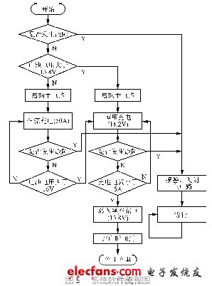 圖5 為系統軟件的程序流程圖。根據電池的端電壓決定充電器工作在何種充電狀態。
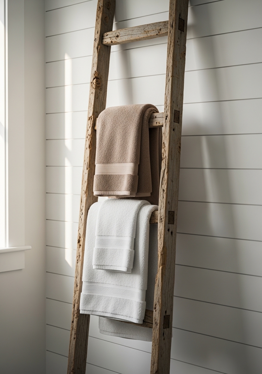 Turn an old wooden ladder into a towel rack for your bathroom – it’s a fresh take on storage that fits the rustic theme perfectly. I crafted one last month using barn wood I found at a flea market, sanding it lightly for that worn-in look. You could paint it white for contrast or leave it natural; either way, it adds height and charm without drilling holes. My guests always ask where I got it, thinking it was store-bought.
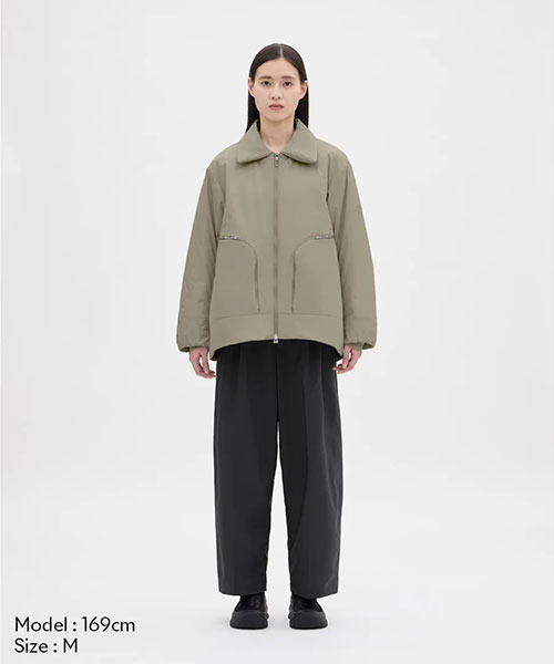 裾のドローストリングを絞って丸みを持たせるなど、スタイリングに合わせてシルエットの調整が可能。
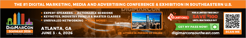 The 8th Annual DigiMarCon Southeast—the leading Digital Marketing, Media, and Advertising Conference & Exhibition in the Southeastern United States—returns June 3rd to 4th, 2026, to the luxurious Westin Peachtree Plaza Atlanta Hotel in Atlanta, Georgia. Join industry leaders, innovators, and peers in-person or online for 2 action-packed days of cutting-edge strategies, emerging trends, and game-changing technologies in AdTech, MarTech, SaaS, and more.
* * *
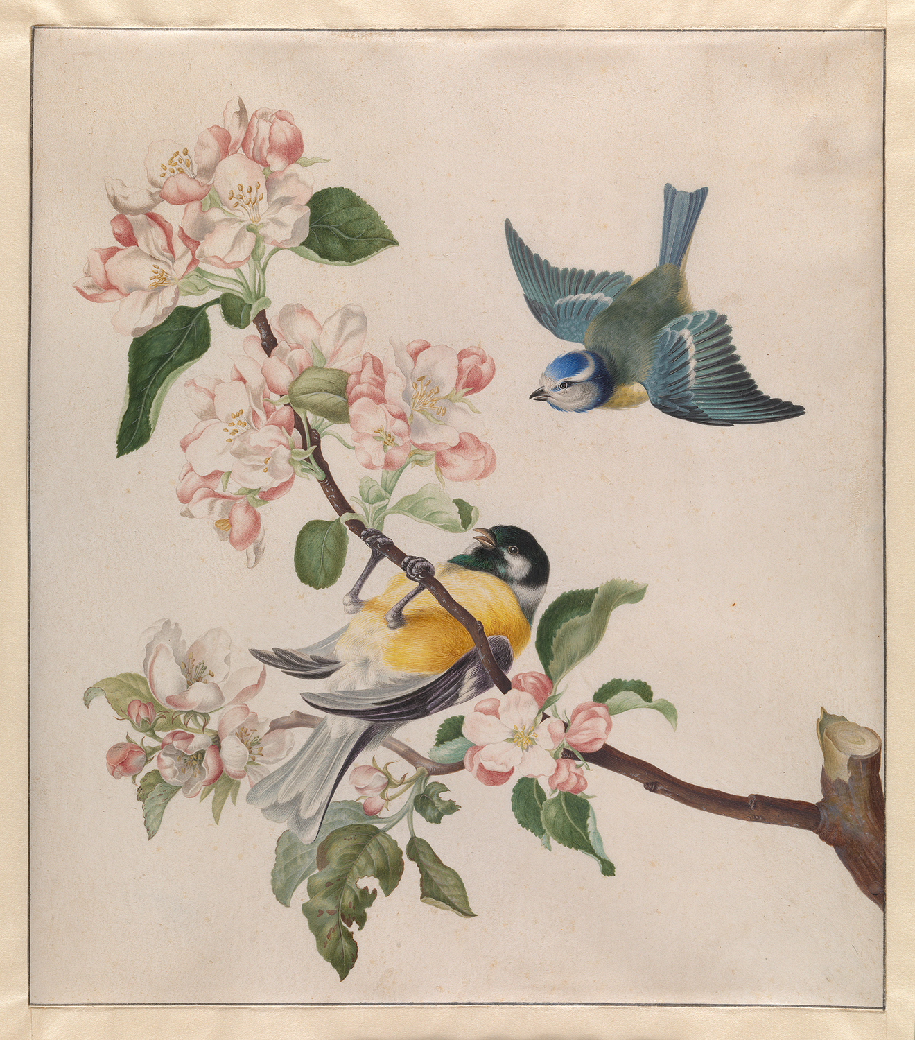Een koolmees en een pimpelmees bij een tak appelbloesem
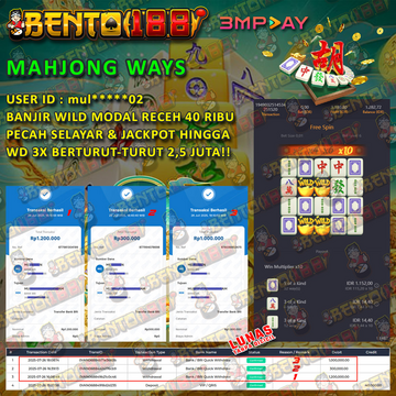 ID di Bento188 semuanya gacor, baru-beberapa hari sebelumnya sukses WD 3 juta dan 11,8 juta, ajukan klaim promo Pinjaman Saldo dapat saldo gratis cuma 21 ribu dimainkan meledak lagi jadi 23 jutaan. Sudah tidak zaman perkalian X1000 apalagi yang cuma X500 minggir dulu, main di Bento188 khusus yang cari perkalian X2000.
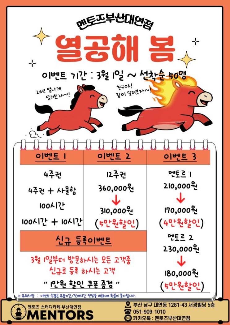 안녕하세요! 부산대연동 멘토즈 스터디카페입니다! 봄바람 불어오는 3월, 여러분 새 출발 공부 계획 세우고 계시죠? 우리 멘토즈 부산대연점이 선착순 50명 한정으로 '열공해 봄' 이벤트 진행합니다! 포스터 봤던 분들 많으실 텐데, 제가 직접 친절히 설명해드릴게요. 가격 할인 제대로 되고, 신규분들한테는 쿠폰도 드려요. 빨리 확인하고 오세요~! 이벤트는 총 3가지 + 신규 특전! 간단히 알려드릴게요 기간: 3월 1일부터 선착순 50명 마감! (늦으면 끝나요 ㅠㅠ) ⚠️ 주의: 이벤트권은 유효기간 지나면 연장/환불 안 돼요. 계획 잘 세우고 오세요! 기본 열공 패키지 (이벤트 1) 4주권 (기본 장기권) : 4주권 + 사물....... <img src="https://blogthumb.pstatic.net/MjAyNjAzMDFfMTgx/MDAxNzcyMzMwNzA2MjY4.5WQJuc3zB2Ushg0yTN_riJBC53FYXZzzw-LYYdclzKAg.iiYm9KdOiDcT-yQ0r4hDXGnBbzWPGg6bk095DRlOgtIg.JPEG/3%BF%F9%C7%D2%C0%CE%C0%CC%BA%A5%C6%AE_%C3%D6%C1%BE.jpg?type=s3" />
...
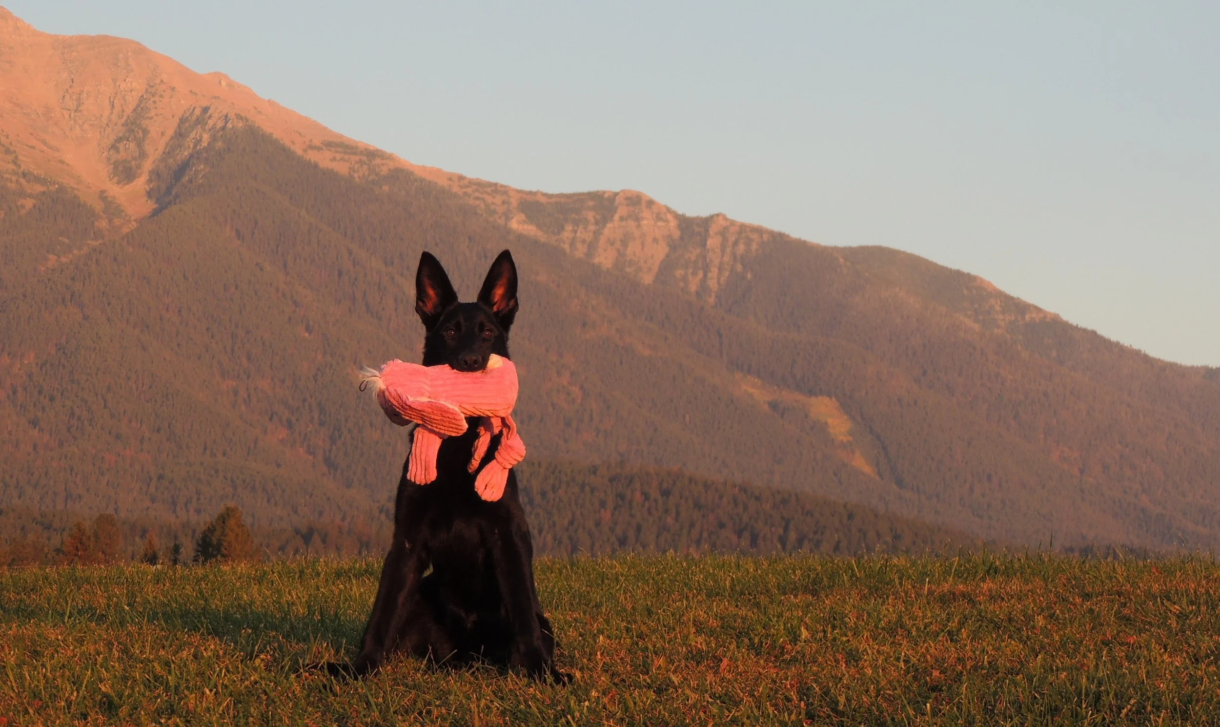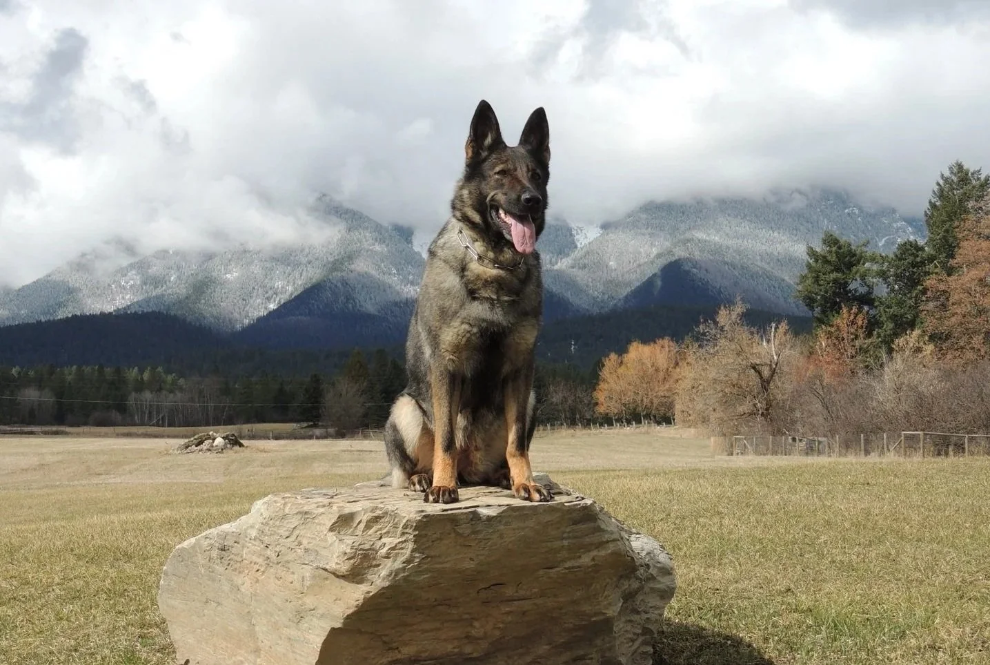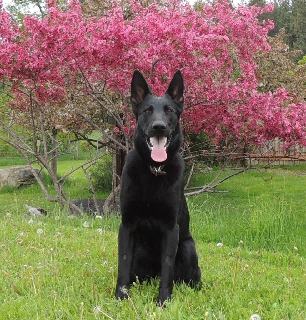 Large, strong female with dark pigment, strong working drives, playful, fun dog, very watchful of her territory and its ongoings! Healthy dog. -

Exercise —
Leave the pictures out, and transcribe exactly the lines above starting at the one that contains "圖5 為系統軟件的程序流程圖。根據電池的端電壓決定充電器工作在何種充電狀態。" and ending at the one that contains "裾のドローストリングを絞って".

Output of the exercise —
 圖5 為系統軟件的程序流程圖。根據電池的端電壓決定充電器工作在何種充電狀態。
 Turn an old wooden ladder into a towel rack for your bathroom – it’s a fresh take on storage that fits the rustic theme perfectly. I crafted one last month using barn wood I found at a flea market, sanding it lightly for that worn-in look. You could paint it white for contrast or leave it natural; either way, it adds height and charm without drilling holes. My guests always ask where I got it, thinking it was store-bought.
 裾のドローストリングを絞って丸みを持たせるなど、スタイリングに合わせてシルエットの調整が可能。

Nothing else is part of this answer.